Breaking down the pipeline

30 March 09. [link] PDF version

Let me get back to the second episode, where I pointed out the value of distinguishing between inferential and descriptive techniques.

I believe my first few tries at understanding statistics failed because I took classes that didn't make this distinction. Consider good ol' ordinary least squares (OLS), which is often all the stats an undergrad will learn. Here are the steps:

The point here is that each of these steps is a different world from the others: computer trickery, linear algebra, and t-distributions basically have nothing in common. Like most undergrad courses, I'll pass on the first step, and assume a perfect data set. Then we're back to the distinction from prior episodes: the second step is purely descriptive, and the third step is purely inferential.

As usual, there is little or no benefit to confounding the descriptive and inferential step. They evolved separately; talking distributions provides nothing for the understanding of linear algebra; talking linear projections does nothing to forward an understanding of the Normal, t, or F distribution.

But you'd think that linear projections and t-tests are joined at the hip from the many stats classes and textbooks that present the steps above as an unbreakable pipeline.

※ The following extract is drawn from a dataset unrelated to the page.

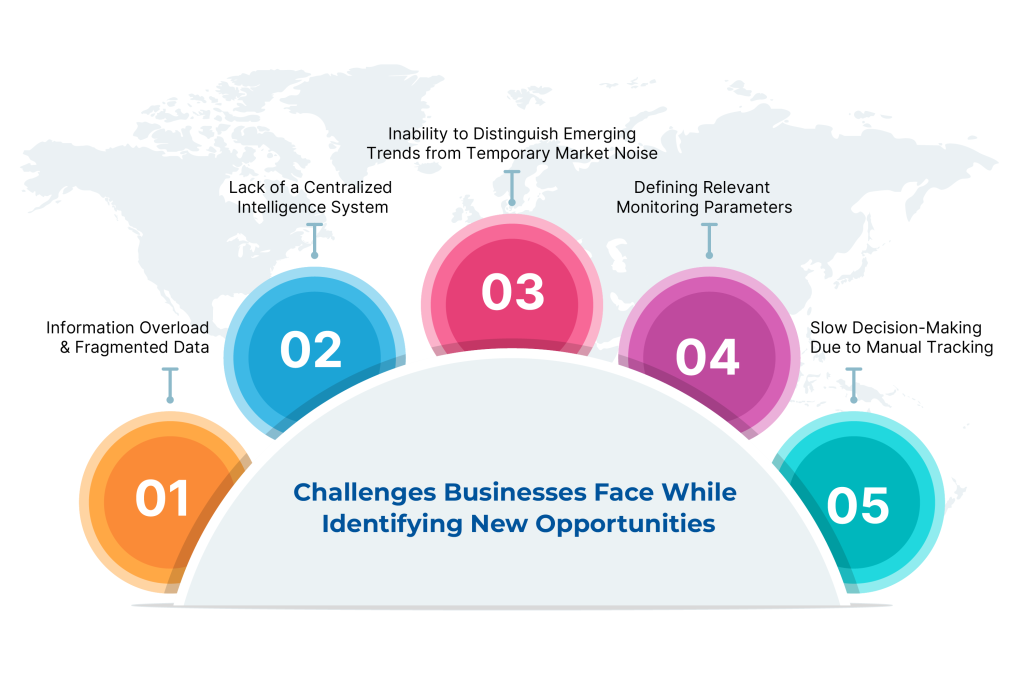 While businesses recognize the need to capture market opportunities, they often struggle due to the following challenges:

Fun fact: errors do not need to be Normally distributed for the OLS projection to be the line of best fit (i.e., to minimize squared error). I've met a number of extremely intelligent people who thought otherwise. This even appeared in a draft textbook I was peer-reviewing last week.

This fun fact is from the Gauss-Markov theorem, which is a linear algebra and minimization exercise that has no need for math regarding distributions. But at this point, you can see where that confusion came from: when these people learned OLS, they simultaneously learned the part about projection (the Gauss-Markov theorem) and the part about hypothesis testing (based on Normally- or t-distributed errors).

I also think that there is a truly prevalent perception that that the purpose of OLS is the hypothesis test at the end of the pipeline, that that's all that OLS does: it tests whether one column of the X matrix affects or does not affect a column of the Y matrix. The other numbers that the software spits out--because the software also merges the descriptive and inferential steps--are just irrelevant.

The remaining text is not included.